A “frozen” dictionary for Python

1. perrygeo ◴[11 Dec 25 15:02 UTC] No.46232229[source]▶

Python discovers immutable data, and gets it wrong. Frozendict is a blunt instrument - instead of a mutable free-for-all, it just locks the data for the entire lifecycle. Brace for the wave of code littered with deep copies, proudly proclaiming how functional it all is.

If you want real immutable data structures, not a cheap imitation, check out pyrsistent.

replies(2): >>46232356 #>>46232421 #

2. shadowgovt ◴[11 Dec 25 15:12 UTC] No.46232356[source]▶

>>46232229 (TP) #

If your dicts are frozen, you shouldn't need to deep-copy. The point of immutability is that if you want a new frozendict based on another one, you just rebuild the indirection data structure up top and leave the values it references alone.

replies(1): >>46233892 #

3. cylemons ◴[11 Dec 25 15:17 UTC] No.46232421[source]▶

>>46232229 (TP) #

How else would you "modify" immutable data other than by copying it?

replies(3): >>46232514 #>>46232538 #>>46238746 #

4. ndr ◴[11 Dec 25 15:24 UTC] No.46232514[source]▶

>>46232421 #

You don't have to copy everything.

Look up persistent data structures [0]

The main trick is to store everything in a tree with a large branching factor.

The elements are on your leaves. When you want to make an edit you need to create only the nodes from the root to the actual leaf. Then you return the new root. Everything else you can share.

This is a log operation, normally implemented with branch 32.

It works with vectors as well as dicts. Creating a copy is constant, it's immutable can be shared freely (especially on GC'd languages).

Insert/Delete are O(log32(n)) instead of O(n) they'd be with a full copy.

[0] https://en.wikipedia.org/wiki/Persistent_data_structure#Pers...

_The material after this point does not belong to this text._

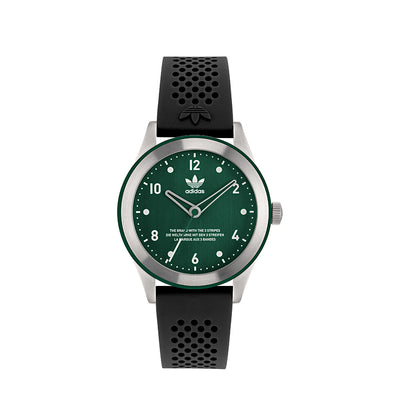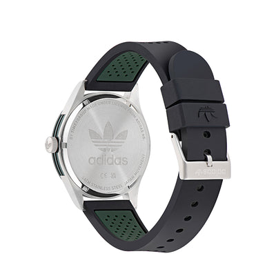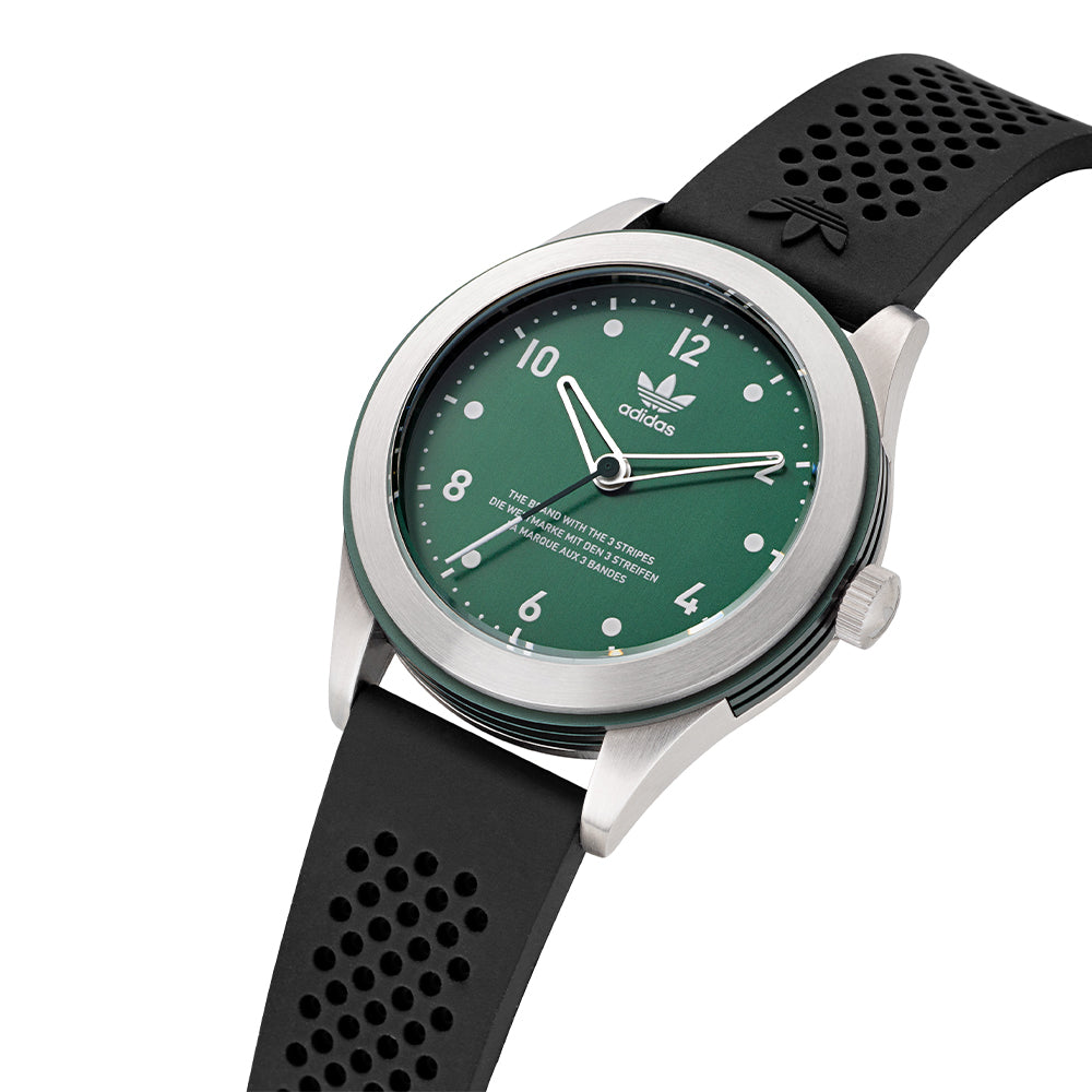 Designed for everyday versatility, this adidas Code Three watch reveals a forward-leaning attitude with its playful hands and colored aluminum insert around the case.

5. thechao ◴[11 Dec 25 15:26 UTC] No.46232538[source]▶

>>46232421 #

And, yet, somehow, functional languages have been doing this since forever? I jest, I jest! There's an entire field of study focused on this! I'm no expert, but imagine you've got a singly-linked list, and we're going to allow only push_back() and pull_back() (no insert()). Let's go ahead and let multiple owners have at this list. If A does "pull_back()" what really happens is A has a local "tail" pointer that moves back along the end of the list and has a new belief about the end of the list. When A does "push_back()" it begins attaching links at its new tail. Since the links just "point backwards" without modifying the old links, this doesn't mutate the list "as is", it only mutates A's version of the list. So, if B is also looking at the list, it could just start doing "push_back()" and add its own "tail". The result is a data-structure that's a "bunch of shared singly linked lists" in a bush structure that's more akin to a tree than a singly linked list.

You can do the same thing with binary trees and other structures. It's more fiddly, and there's definitely places where single-ownership allows mutability "under the hood" for real performance gains, but that's the basic idea.

replies(1): >>46236002 #

6. perrygeo ◴[11 Dec 25 16:58 UTC] No.46233892[source]▶

>>46232356 #

You're absolutely right: an "indirection data structure" is necessary. Freezing the data is the least interesting part - it doesn't give you any of the benefits typically associated with immutable data structures in functional languages. That's my point - Python is shipping a half solution that's being mistaken for a proper one.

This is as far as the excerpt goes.